Chamblee Charter High School, Chamblee, GA 30341, USA.
AdventHealth Cancer Institute, Orlando, FL 32804, USA.
Gene. 2022 Oct 20;841:146774. doi: 10.1016/j.gene.2022.146774. Epub 2022 Jul 26.
The COVID-19 is caused by a novel coronavirus SARS-CoV-2, which started from China. It spread rapidly throughout the world and was later declared a pandemic by the WHO. Over the course of time, SARS-CoV-2 has mutated for survival advantages, and this led to multiple variants. Multiple studies on mutations identification in SARS-CoV2 have been published covering extensive sample areas. The purpose of this study was to limit the sample area to the Georgia state in the U.S. and to analyze the genome sequences for mutation profiling across the genome and origin of variants.

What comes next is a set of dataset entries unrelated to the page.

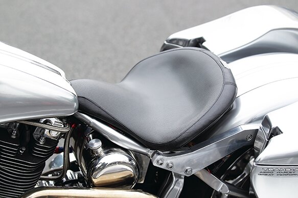 通常、ツアラーカスタムといえば1980年に登場したFLT以降、ラバーマウントモデルが主流であり、それが『バガーカスタム』となっているのだが、トランザムはあえてエンジンがソリッドマウントされるソフテイルフレームをベースに採用。ZAK柴崎氏いわく、それはやはり「ハーレーらしさ」を求めた結果であるという。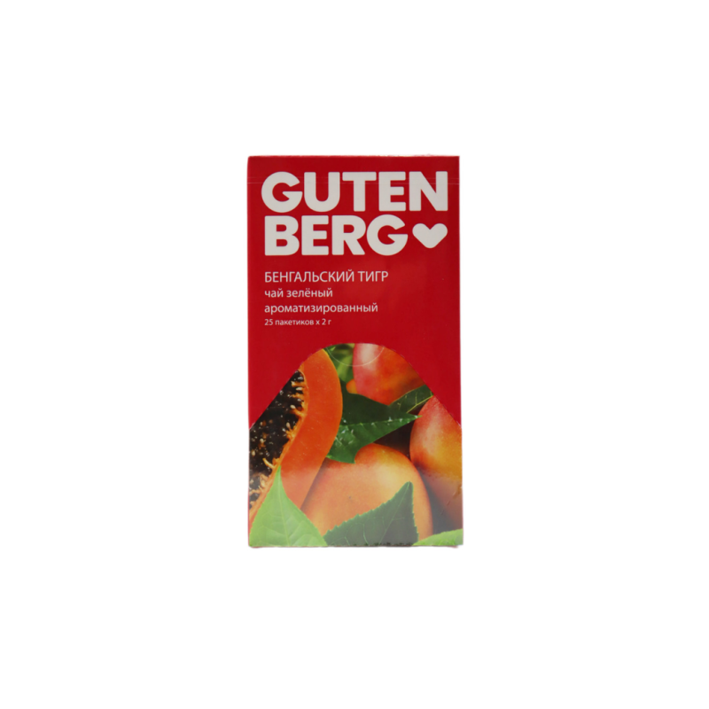 1. Чай Gutenberg Бенгальский Тигр зеленый представляет собой пакет из 25 пакетиков по 2 г амма каждый. 2. Этот чай имеет приятный аромат и вкус, а также полезные свойства для здоровья. 3. Он содержит натуральные ингредиенты, включая бенгальский тигр, который придает ему особую горьковатую привкус. 4. Чай Gutenberg Бенгальский Тигр зеленый поможет вам поддерживать здоровое тело и дух.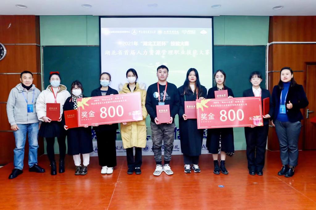 焦晴雨(右三)参加湖北省“工匠杯”人力资源管理职业技能大赛获奖后与同学合影。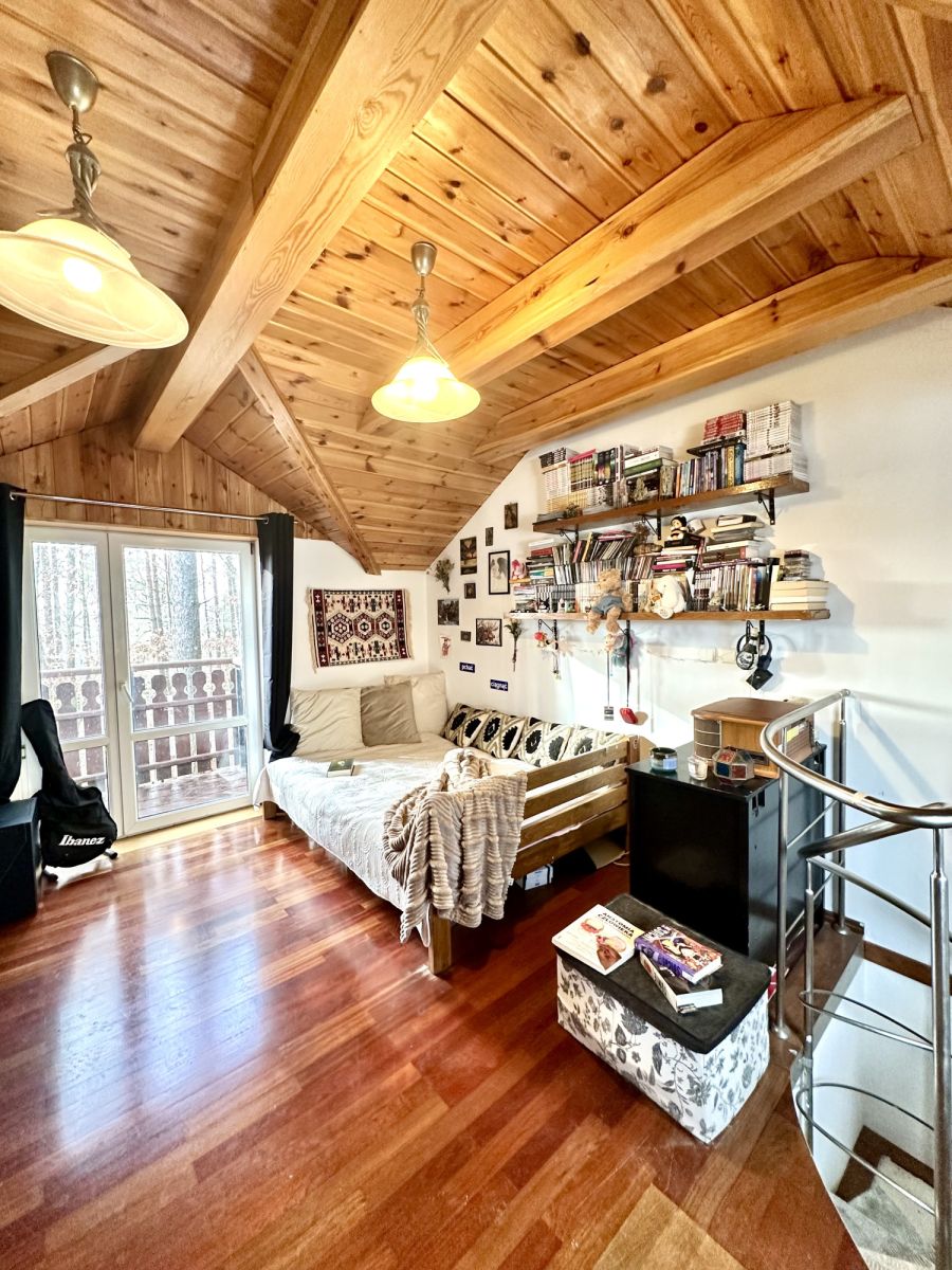 Cały dom przeszedł remont w ciągu ostatnich dwóch lat, obejmujący m.in. ocieplenie drewnianych ścian, wymianę okien i drzwi, instalację klimatyzatorów oraz montaż nowych wkładów kominkowych. Nowoczesne rozwiązania, jak klimatyzacja z funkcją grzania i chłodzenia, zapewniają komfort przez cały rok. Na parterze znajduje się także 30-metrowy drewniany taras, który otacza dom, tworząc idealne miejsce do wypoczynku na świeżym powietrzu. Ogrzewanie budynku jest elektryczne, a dla miłośników tradycyjnych rozwiązań, w domu znajduje się piec typu "koza" oraz dwa kominki, które dodatkowo ocieplają wnętrza.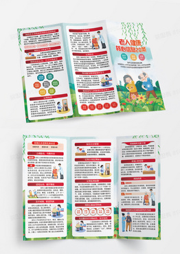绿色卡通老人健康核心信息20条老年人健康三折页

The genome sequences (n = 3,970) were obtained from the NCBI database as of June 12, 2021, with the filter of being complete sequenced genomes, homo-sapiens host, and only from Georgia State of the U.S. NextClade, an online tool was used for the analysis of the sequences using Wuhan-Hu-1/2019 as a reference genome. The algorithm was sequence alignment, translation, mutation calling, phylogenetic placement, clade assignment, and quality control (QC). Thirty-six samples with bad QC were removed from the mutational analysis.
A total 117,743 mutations in the nucleotides were identified (averaging 31.5 mutations per sample). The mutations A23403G, C3037T, C241T, and C14408T were detected in 98% of the samples. Also, a total of 75,517 mutations in the amino acid were identified (averaging 20.2 mutations per sample). The mutations D614G and P314L were identified in >97% samples whereas R203K, G204R, P681H, and N501Y were detected in >50% samples. Analysis also revealed 16 different clades with 20I (49.6%). Clades 20G (24.2%) and 20A (5.5%) being the most abundant, showed that SARS-CoV-2 in the Georgia State originated mainly from Southeast England, other parts of the U.S., and several countries in Western Europe.
Looking at the three most common variants in Georgia State of the U.S., we could determine the primary locations of transmission or origin for the virus, and our analyses indicates that majority of the cases originated from Southeast England (Clade 20I), the U.S. itself (Clade 20G), and from Western Europe (Clade 20C).
COVID-19 是由一种新型冠状病毒 SARS-CoV-2 引起的,该病毒起源于中国。它迅速在全球范围内传播,后来被世界卫生组织宣布为大流行。随着时间的推移,SARS-CoV-2 为了生存优势而发生了突变,从而产生了多种变体。已经有多项关于 SARS-CoV2 突变识别的研究发表,涵盖了广泛的样本区域。本研究的目的是将样本区域限制在美国乔治亚州,并分析整个基因组和变体起源的基因组序列中的突变特征。
从 NCBI 数据库中获得了截至 2021 年 6 月 12 日的基因组序列(n=3970),筛选条件为完整测序基因组、智人物种宿主和仅来自美国乔治亚州的序列。使用在线工具 NextClade ,以武汉-Hu-1/2019 作为参考基因组,对序列进行分析。该算法是序列比对、翻译、突变调用、系统发育定位、分支分配和质量控制(QC)。从突变分析中删除了 36 个 QC 较差的样本。
共鉴定出核苷酸中的 117743 个突变(平均每个样本 31.5 个突变)。在 98%的样本中检测到 A23403G、C3037T、C241T 和 C14408T 突变。此外,还鉴定出氨基酸中的 75517 个突变(平均每个样本 20.2 个突变)。在 >97%的样本中检测到 D614G 和 P314L 突变,而在 >50%的样本中检测到 R203K、G204R、P681H 和 N501Y 突变。分析还揭示了 16 个不同的分支,其中 20I(49.6%)最多。20G(24.2%)和 20A(5.5%)分支最为丰富,表明乔治亚州的 SARS-CoV-2 主要来源于东南英格兰、美国其他地区和西欧的几个国家。
从美国乔治亚州的三种最常见变体来看,我们可以确定病毒的主要传播或起源地,我们的分析表明,大多数病例起源于东南英格兰(20I 分支)、美国本土(20G 分支)和西欧(20C 分支)。